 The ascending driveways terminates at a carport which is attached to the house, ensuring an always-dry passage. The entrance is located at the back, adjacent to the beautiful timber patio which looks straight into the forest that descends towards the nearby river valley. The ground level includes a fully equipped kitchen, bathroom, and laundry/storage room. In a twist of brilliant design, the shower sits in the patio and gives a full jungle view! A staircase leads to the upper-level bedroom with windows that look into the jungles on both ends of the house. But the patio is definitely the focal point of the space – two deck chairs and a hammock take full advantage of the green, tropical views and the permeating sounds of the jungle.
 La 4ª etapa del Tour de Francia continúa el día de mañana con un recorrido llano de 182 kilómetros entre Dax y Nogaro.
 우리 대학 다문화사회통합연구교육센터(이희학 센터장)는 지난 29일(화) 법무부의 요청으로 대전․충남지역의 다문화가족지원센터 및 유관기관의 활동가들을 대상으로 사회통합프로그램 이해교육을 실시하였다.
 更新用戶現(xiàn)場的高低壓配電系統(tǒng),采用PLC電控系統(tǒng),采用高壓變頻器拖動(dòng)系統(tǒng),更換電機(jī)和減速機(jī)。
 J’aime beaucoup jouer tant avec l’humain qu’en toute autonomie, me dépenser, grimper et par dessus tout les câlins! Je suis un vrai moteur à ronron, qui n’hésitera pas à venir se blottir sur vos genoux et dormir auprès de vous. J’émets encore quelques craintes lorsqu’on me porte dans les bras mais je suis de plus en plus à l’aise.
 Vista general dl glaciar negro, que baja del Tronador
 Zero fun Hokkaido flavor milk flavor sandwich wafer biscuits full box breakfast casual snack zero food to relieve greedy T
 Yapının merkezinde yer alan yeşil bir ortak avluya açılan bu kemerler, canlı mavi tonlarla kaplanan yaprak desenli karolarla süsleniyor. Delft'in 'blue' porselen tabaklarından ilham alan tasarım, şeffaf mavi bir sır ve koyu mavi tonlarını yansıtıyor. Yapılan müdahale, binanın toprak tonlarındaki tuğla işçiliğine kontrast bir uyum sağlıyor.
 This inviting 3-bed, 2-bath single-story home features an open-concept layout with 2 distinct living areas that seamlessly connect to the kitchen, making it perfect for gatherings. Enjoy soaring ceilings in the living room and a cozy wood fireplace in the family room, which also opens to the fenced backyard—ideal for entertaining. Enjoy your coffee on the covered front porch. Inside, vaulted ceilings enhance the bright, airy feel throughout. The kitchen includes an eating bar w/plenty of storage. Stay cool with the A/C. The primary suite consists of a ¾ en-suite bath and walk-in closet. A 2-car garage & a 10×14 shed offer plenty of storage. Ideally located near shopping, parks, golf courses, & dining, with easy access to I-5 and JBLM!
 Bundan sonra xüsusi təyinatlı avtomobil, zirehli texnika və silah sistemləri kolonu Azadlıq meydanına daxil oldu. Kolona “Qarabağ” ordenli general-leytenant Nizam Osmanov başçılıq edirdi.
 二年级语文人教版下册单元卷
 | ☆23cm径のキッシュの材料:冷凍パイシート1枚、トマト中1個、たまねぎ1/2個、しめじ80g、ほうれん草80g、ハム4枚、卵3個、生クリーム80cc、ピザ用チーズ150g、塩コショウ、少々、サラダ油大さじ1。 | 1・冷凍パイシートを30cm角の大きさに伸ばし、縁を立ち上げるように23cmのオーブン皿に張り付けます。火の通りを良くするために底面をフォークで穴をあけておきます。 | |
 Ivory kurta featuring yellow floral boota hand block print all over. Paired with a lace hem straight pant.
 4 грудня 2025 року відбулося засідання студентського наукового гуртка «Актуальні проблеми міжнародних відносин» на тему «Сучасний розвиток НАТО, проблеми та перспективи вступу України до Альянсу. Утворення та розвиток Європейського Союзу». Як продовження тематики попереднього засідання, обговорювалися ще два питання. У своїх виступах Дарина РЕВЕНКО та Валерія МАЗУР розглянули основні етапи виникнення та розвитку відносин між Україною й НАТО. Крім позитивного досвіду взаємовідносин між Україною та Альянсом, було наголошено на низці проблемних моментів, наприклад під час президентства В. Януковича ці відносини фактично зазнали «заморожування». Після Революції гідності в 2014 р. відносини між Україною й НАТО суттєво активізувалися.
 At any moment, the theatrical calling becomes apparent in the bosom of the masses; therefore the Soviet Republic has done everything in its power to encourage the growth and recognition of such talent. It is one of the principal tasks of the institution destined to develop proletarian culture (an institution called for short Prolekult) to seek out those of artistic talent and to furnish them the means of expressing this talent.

### [YOUR OBJECTIVE]
Considering only the material above, set down every line from the one with "우리 대학 다문화사회통합연구교육센터(이희학" to the one with "更新用戶現(xiàn)場的高", inclusive, exactly as written.

### [RESPONSE TO THE TASK]
 우리 대학 다문화사회통합연구교육센터(이희학 센터장)는 지난 29일(화) 법무부의 요청으로 대전․충남지역의 다문화가족지원센터 및 유관기관의 활동가들을 대상으로 사회통합프로그램 이해교육을 실시하였다.
 更新用戶現(xiàn)場的高低壓配電系統(tǒng),采用PLC電控系統(tǒng),采用高壓變頻器拖動(dòng)系統(tǒng),更換電機(jī)和減速機(jī)。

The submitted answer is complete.